RepeatModeler (version 1.0.11) was used for de novo repeat family identification. The de novo identified repeat library was used for masking the genome using RepeatMasker (version 4.0.7). The repeat-masked genome was used for gene predictions. For gene prediction, multiple lines of gene evidence were integrated using EVM (EvidenceModeler version 1.1.1) [43]. Two ab initio gene callers were used viz. AUGUSTUS (version 3.3.1) [44] and GeneMark-HMM-ES (version 2.0) [45]. GeneMark-HMM-ES was self-trained on the repeat-masked genome whereas AUGUSTUS was trained on the genome and cDNA hints from A. alternata. RNA-Seq evidence in the form of coding regions identified by TransDecoder was also used. Additionally, homology-based gene prediction was carried out using GeMoMa (version 1.4.2) [46] with protein-coding genes of A. longipes, A. arborescens and A. alternata.

Each of these lines of evidence was presented to EVM as separate tracks.

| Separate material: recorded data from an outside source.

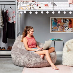 Looking for a chair that will make a big statement? Measuring in at 40″ W x 39.5″ D x 34″ H, the Big Joe Teardrop is a large shape for spaces that need absurdly awesome comfort! You’ll love the unique design and shape of this chair with a perfect blend of back support and coziness thanks to the super-soft shag faux fur. Fun for teens and adults! It’s the perfect luxurious addition to bedrooms, dens, dorms, rec rooms, and living rooms. It’s filled with a scientifically identified amount of bean filling so when you sit on it, it’s super comfy! And, bean refill bags are sold separately so you can give it a pick-me-up whenever needed, since all well-loved bean bags compress over time. For child safety and durability reasons, we intentionally break off the outside zipper pull before shipment. If you need to open your bag, simply use a paperclip to pull it open. Detailed instructions can be found on the warning label attached to your Big Joe. The cover is not removable, but may be spot cleaned as needed.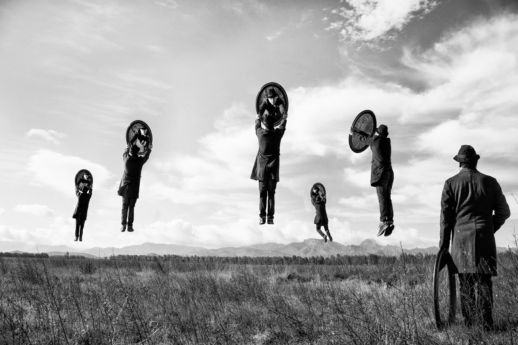 Elegante uomo saltatore volante, complimenti davvero,per me una delle tu realizzazioni più belle. Una foto grandiosa.. per idea e realizzazione.. c'è tutto... la voglia di divertirsi e un impegno fuori dal comune per una realizzazione che comprende scelta del luogo, costumi e accessori,attività fisica, 10gg di prognosi, uno studio impegnativo per le pose e un gran lavoro di post. E il tutto deve necessariamente partire da una grande idea, dal voler veicolare un messaggio o una storia dando solo degli input che solleticano la mente di ognuno come tuo solito. Qui però ti sei superato..perche hai amalgamato concetti ed elementi molto simbolici e significativi: lo specchio,l'io riflesso, il volo.. è un viaggio dentro se stessi..alla scoperta di chi si è veramente nel momento in cui ci si lascia andare e si vola,si sogna.. ma è anche una dimostrazione della paura di farlo perdendo il controllo di se stessi, del bisogno di "vedere" cio che gli altri vedono di noi. E c'è quella vita sospesa nel non sapere cosa fare,se lanciarsi o star ad aspettare di fare la scelta giusta.. soli con i tanti se stessi..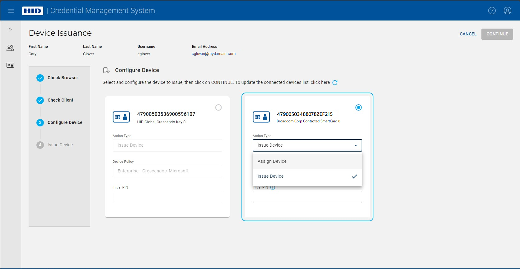 Note: If you want to try to issue the device again using a different policy or a different PIN, you must cancel the current issuance and start a new one.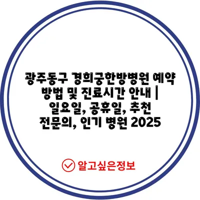 광주동구 경희궁한방병원 예약 방법 및 진료시간 공지 | 일요일, 공휴일, 추천 전연락, 인기 병원 2025 에 대해 자주 묻는 질문 TOP 5
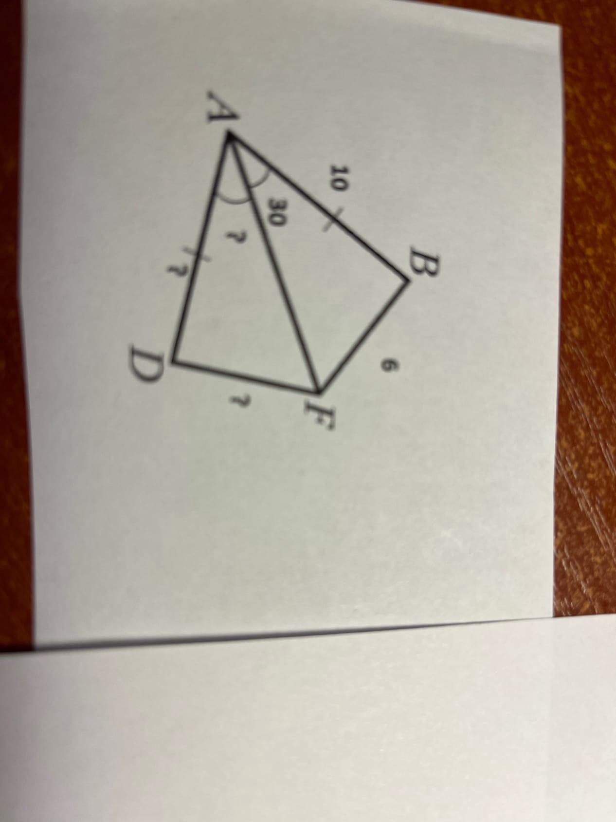 Из равенства треугольников имеем DF=BF, поэтому DF равно 6; АВ=АD, поэтому АD=10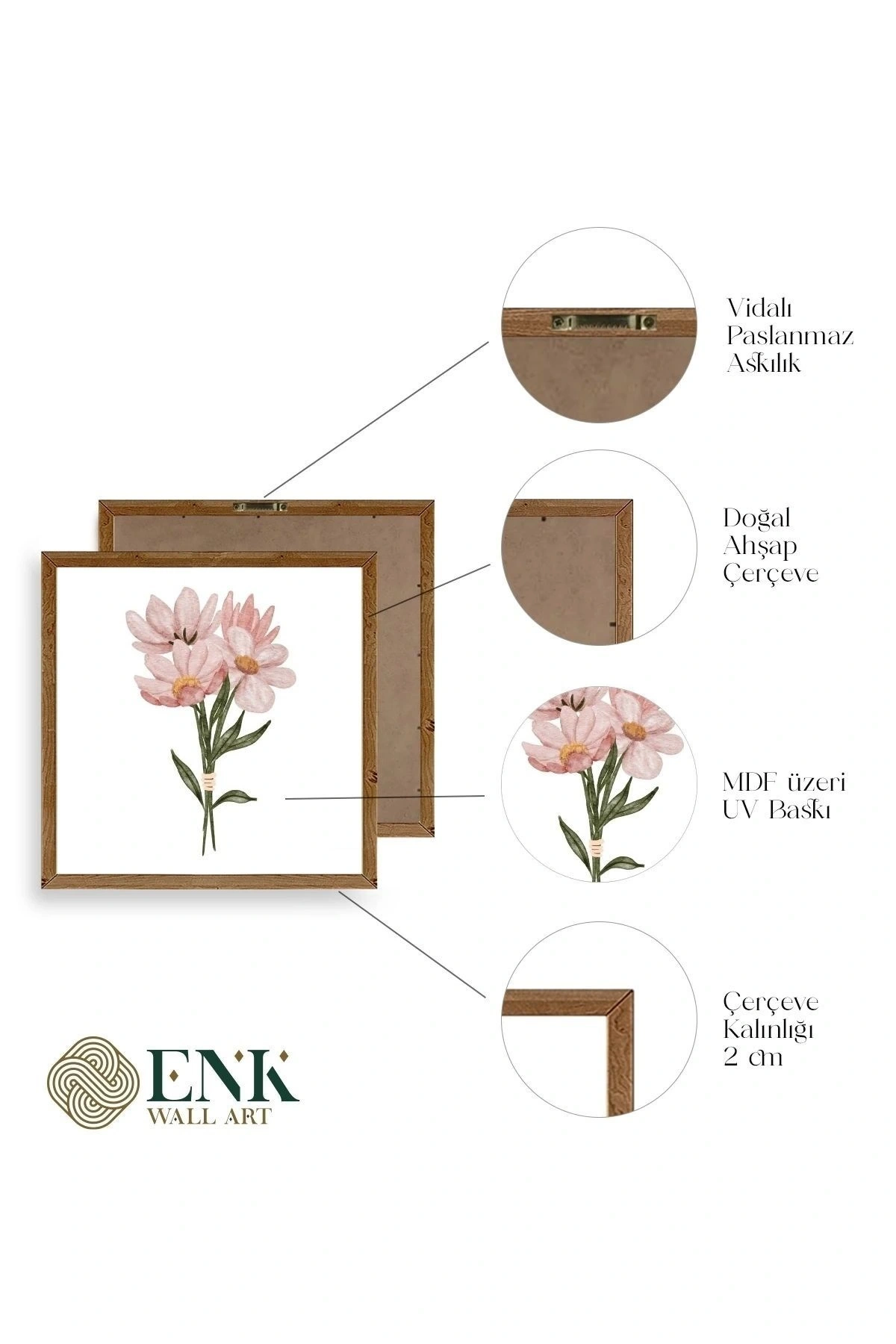 Tablolarımız gerçek ahşap çerçevelidir, çerçeve görünümlü değildir. ; ENK Wall Art Olarak Ahşap Çerçeveli Tablolar Üretiyoruz. ; Tablolarımız tek parça, 3 Parça, 5 Parça ve daha çok kategoride tasarımcılarımız tarafından ev ve ofisleriniz duvarları süslemek için tasarlanmaktadır. ; Ahşap Çerçeveli Duvar Tabloları ile yaşam alanlarınıza yepyeni bir görünüm kazandırın. ; Yıllarca dayanacağından emin olduğumuz sağlam çerçevelere sahip yüksek kaliteli ahşaptan üretilmiştir. ; İster bir köşeyi süslemek isteyin, ister evinizi yenilemek , bu ahşap tablolar herhangi bir yaşam alanına stil ve işlev getirecektir. ; Duvara kolay bir şekilde monte edilir. ; Uzun ömürlü kullanım için sağlam ahşap çerçeveden yapılmış, dayanıklı ve güçlü. ; Duvara monte edilebilir tasarımı, yaşam alanlarında veya yatak odalarında duvara kolayca asılmasını sağlar. ; Pürüzsüz üst yüzeyi temiz kalmayı kolaylaştırır. ; Herhangi bir stile uyacak şekilde çeşitli renklerde gelir. ; Kolay yeniden düzenleme için hafif ve portatif. ; Küçük oturma odaları veya dar alanlar için mükemmel boyut. ; Eve taşınma hediyesi olarak idealdir. ; Herhangi bir evin dekorunu süslemek için harika bir yol. ; Herhangi bir modern veya çağdaş iç tasarıma mükemmel bir katkı. ; Tablo içi 3 mm mdf (ahşap) malzeme üzeri uv baskıdır. ; Renkler canlı ve solma yapmaz. ; Kırılma, bükülme ve çizilmeye karşı dayanıklıdır.;
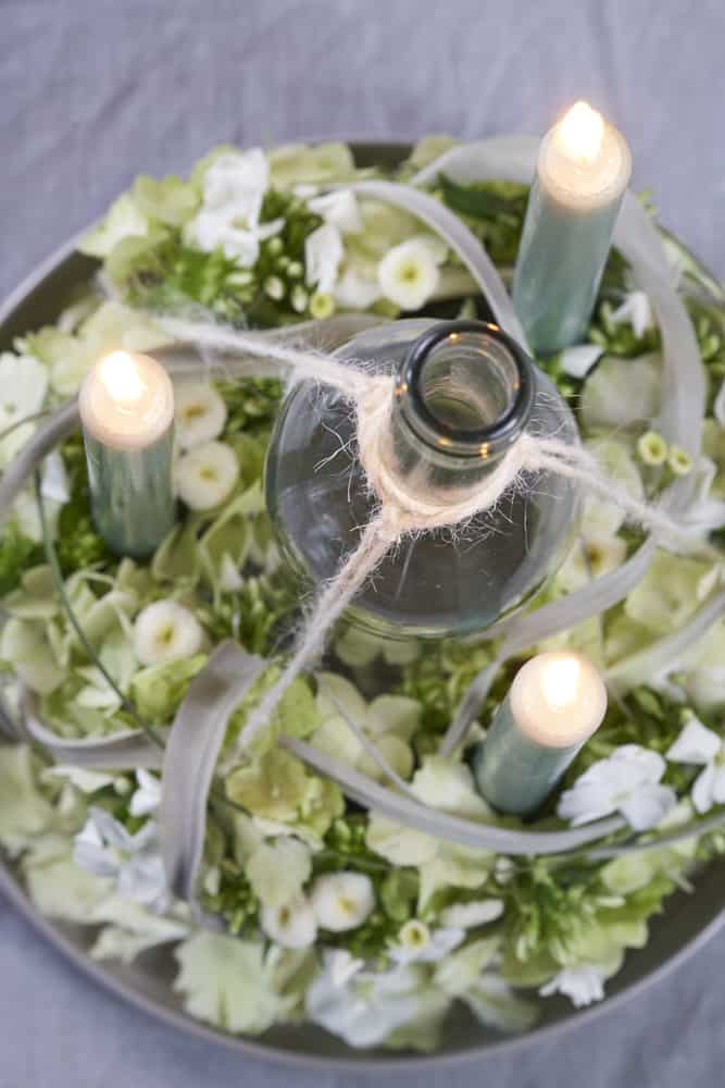 Hydrangea macrophylla, Ophiopogon jaburan, Phlox paniculata, Tanacetum parthenium, Tillandsia xerographica, Kerzen (Wenzel Kerzen) Schnur Flasche Tablett Heißkleber, Frischblumensteckschaum-Ring mit Kunststoffunterlage und -gitter (beides OASIS® FLORAL PRODUCTS)

In EVM, weights were assigned to each evidence as follows: AUGUSTUS 1, GeneMark-HMM-ES 1, GeMoMa 1, and RNA-Seq evidence 5. The genes predicted by EVM were used for all the downstream analyses. Genes were then annotated using BLAST (version 2.7.1+) against UniProt, SWISS-PROT, CAZy, MEROPS, and PHI-BASE. The fungal version of antiSMASH (version 4.0) [47] was used to identify secondary metabolite gene clusters in the genomes.

Candidate effector proteins were predicted using the following pipeline: a) SignalP (version 4.1) [48] and Phobius to identify secreted proteins, b) TMHMM (version 2.0) [49] to remove proteins with transmembrane domains, c) predGPI to filter out proteins that harbored a GPI membrane-anchoring domain, and d) EffectorP (version 2.0) [50] to predict potential effectors from the above-filtered protein set.

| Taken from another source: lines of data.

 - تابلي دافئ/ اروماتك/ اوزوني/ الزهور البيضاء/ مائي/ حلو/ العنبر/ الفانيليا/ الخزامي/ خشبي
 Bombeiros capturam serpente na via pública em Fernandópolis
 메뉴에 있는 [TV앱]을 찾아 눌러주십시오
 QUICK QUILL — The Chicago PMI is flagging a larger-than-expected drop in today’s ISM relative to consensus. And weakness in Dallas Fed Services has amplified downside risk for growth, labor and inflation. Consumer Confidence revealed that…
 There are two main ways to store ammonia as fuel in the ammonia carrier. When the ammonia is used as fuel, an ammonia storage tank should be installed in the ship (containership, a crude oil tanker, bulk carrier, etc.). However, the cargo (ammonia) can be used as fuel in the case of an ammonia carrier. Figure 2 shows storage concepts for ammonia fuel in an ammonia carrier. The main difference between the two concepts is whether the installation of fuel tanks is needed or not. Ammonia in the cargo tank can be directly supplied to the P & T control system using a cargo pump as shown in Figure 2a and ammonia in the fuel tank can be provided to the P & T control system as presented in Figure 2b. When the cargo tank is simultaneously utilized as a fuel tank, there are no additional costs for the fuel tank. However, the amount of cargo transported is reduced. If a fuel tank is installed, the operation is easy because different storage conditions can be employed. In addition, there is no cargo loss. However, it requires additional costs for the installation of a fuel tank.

Orthology and whole-genome phylogenetic analysis

The genomes of 16 Alternaria species (Additional file 2: Table S2) were included in the analysis with Stemphylium lycopersici as an outgroup. The proteomes of the fungi were clustered using the Orthofinder (version 2.2.6) [51] pipeline with default parameters. The clusters were further analysed with Mirlo (https://github.com/mthon/mirlo) to identify phylogenetically informative single copy gene families. These families were then concatenated into one large alignment and used for phylogenetic analysis. A phylogenetic tree was then inferred from the concatenated alignment by the neighbour joining method and Jukes Cantor substitution model using 1000 replicates. Orthologs were also identified for 13 other pathogenic Dothideomycetes (Additional file 2: Table S2) for comparative analyses using the same pipeline as above.

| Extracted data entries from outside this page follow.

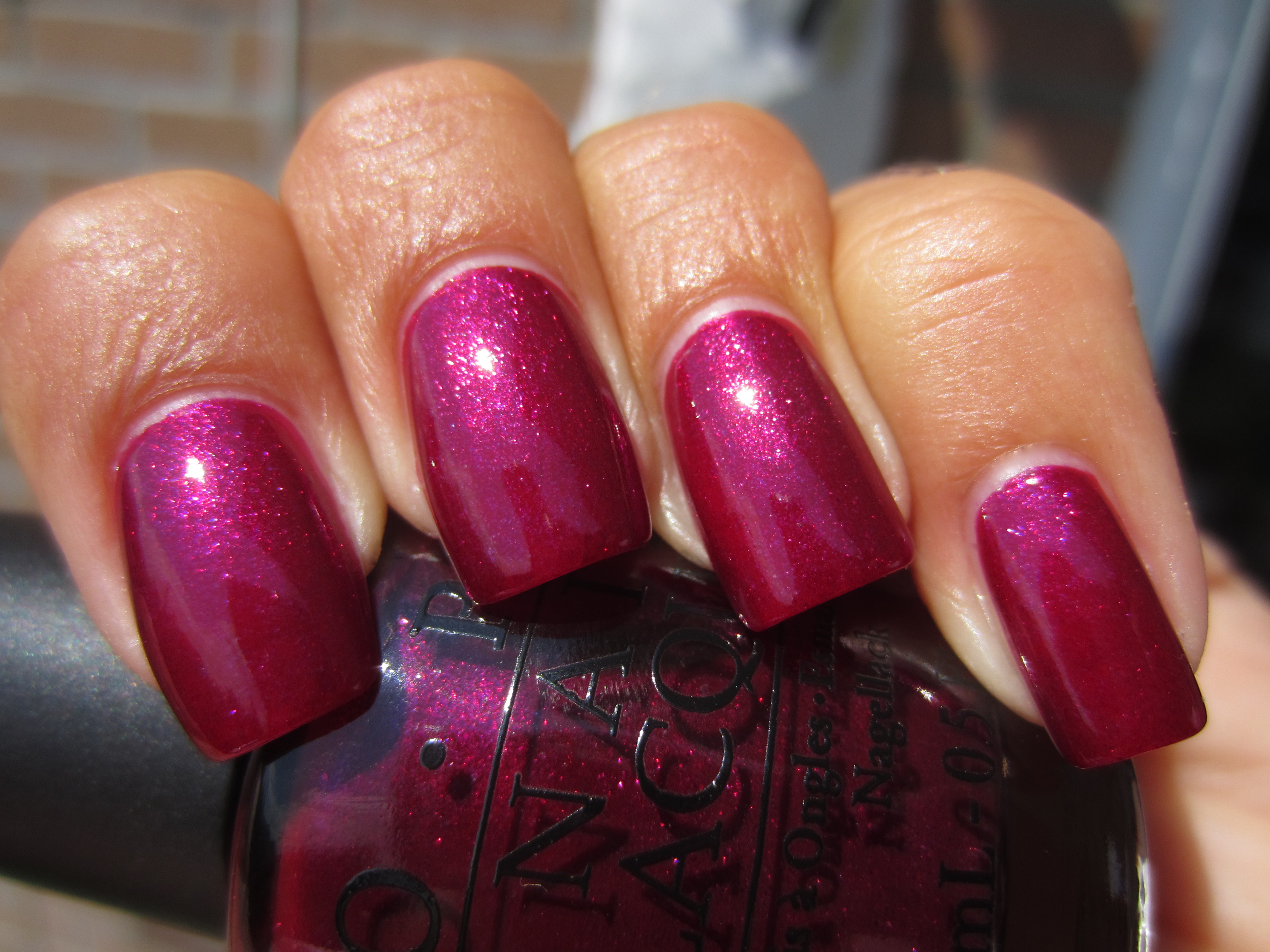 ‘Congeniality Is My Middle Name’ (all right OPI….enough with the mile-long names, already!) may at first seem like a simple magenta hue, but delve a little deeper and you can entice a magical side to this shade. Filled with a blueish inner shimmer, it has that “lit-from-within” look that I so love and which gives this shade such a unique twist. I applied two coats for the following swatches.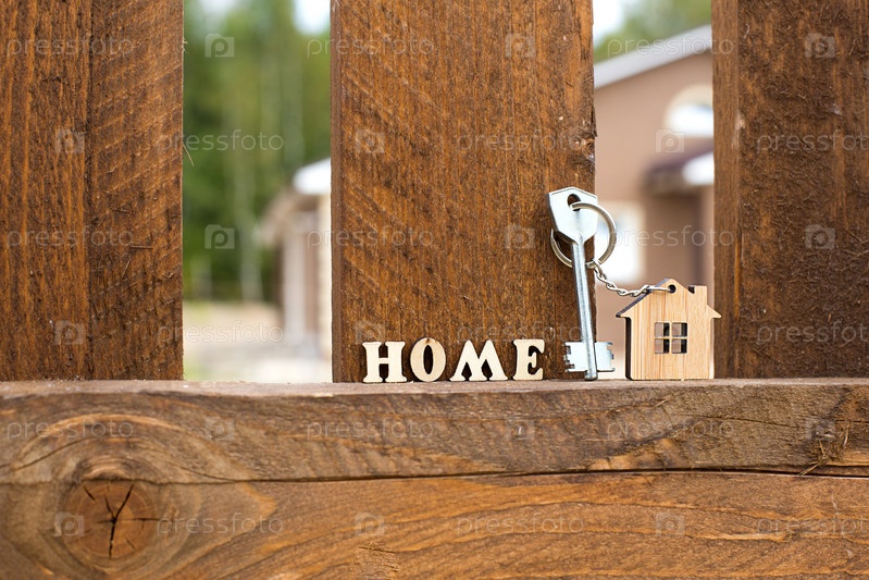 Брелок деревянного фигурного дома на заборе с ключом и надписью английскими буквами «дом». Коттедж на заднем плане. Строительство, проект, переезд в новый дом, ипотека, аренда и покупка недвижимости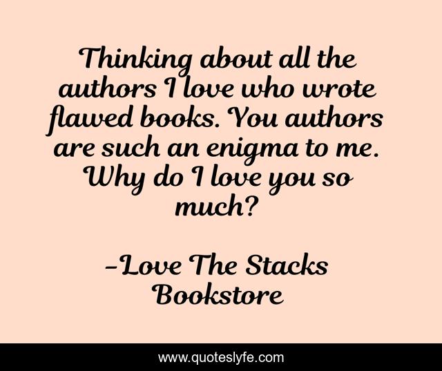 This page presents the quote "Thinking about all the authors I love who wrote flawed books. You authors are such an enigma to me. Why do I love you so much?". Author of this quote is Love The Stacks Bookstore. .

Relationship of TEs and repeat-rich regions to genes and gene clusters

The overlap of repeat-rich regions and transposable elements (TEs) with i) genes encoding secreted proteins, ii) effectors and iii) secondary metabolite gene clusters were analysed using the regioneR package [52] in R. The analysis involved comparison of the overlap of each the above gene sets with transposable elements and repeat-rich regions with a random set of genes selected from the genome. A distribution of means was established by running 10,000 permutation tests, which was then used to calculate a p-value.